*Work item*
Exactly the lines below, starting with the one containing "pxIndex->pxPrevious->pxNext = pxNewListItem;" and going on through the one containing "Friedl Wirt Friedl", must be reproduced, both ends included, and no pictures with them.
____ Input for this task
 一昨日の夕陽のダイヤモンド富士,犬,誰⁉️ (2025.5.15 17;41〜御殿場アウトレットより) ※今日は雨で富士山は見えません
________
____ Input for this task
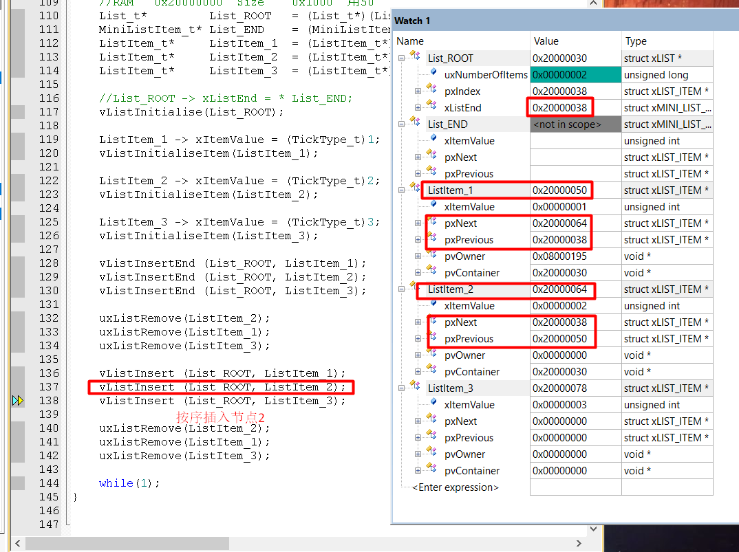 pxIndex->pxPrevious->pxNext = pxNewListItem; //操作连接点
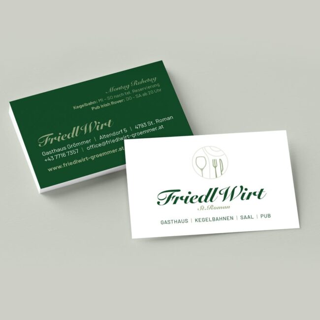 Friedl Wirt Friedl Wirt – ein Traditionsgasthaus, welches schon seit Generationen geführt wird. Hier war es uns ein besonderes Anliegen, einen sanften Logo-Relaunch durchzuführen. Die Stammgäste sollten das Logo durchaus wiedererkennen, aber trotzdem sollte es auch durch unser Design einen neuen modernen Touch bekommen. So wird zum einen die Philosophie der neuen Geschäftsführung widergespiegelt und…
________
____ Input for this task
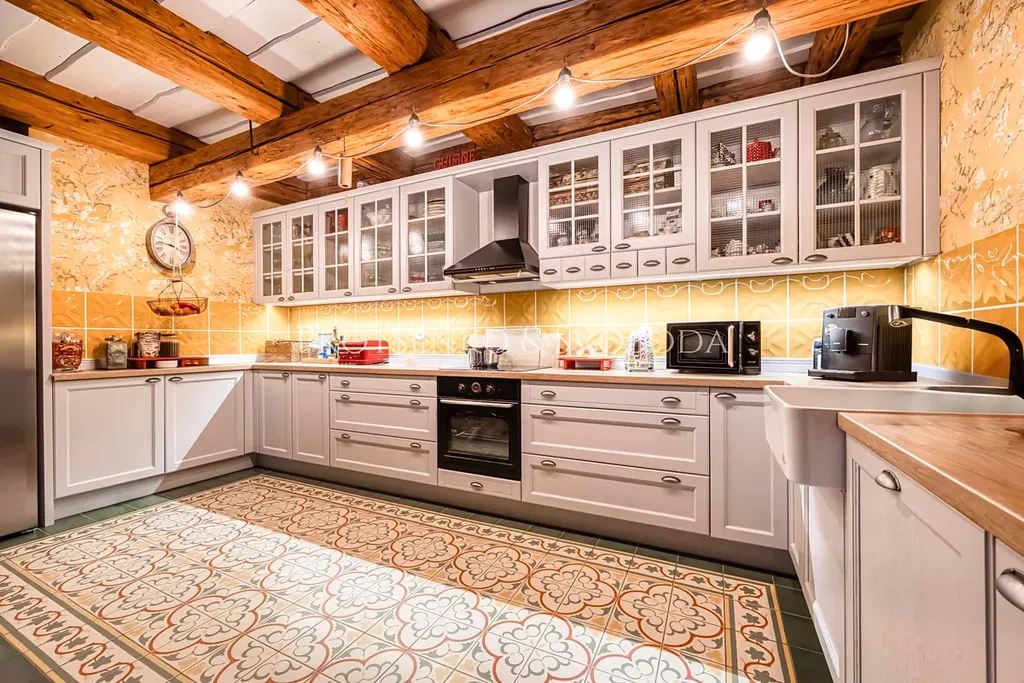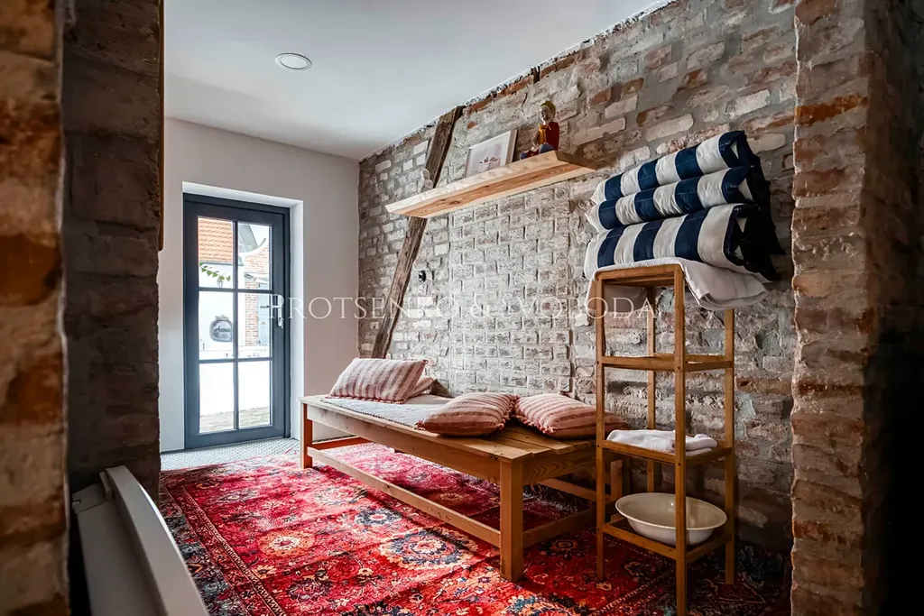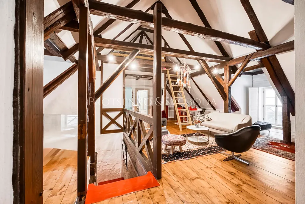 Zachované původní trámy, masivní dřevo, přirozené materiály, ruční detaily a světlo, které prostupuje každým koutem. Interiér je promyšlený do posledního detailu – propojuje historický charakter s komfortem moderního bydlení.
________
*Answer to the exercise*
 pxIndex->pxPrevious->pxNext = pxNewListItem; //操作连接点
 Friedl Wirt Friedl Wirt – ein Traditionsgasthaus, welches schon seit Generationen geführt wird. Hier war es uns ein besonderes Anliegen, einen sanften Logo-Relaunch durchzuführen. Die Stammgäste sollten das Logo durchaus wiedererkennen, aber trotzdem sollte es auch durch unser Design einen neuen modernen Touch bekommen. So wird zum einen die Philosophie der neuen Geschäftsführung widergespiegelt und…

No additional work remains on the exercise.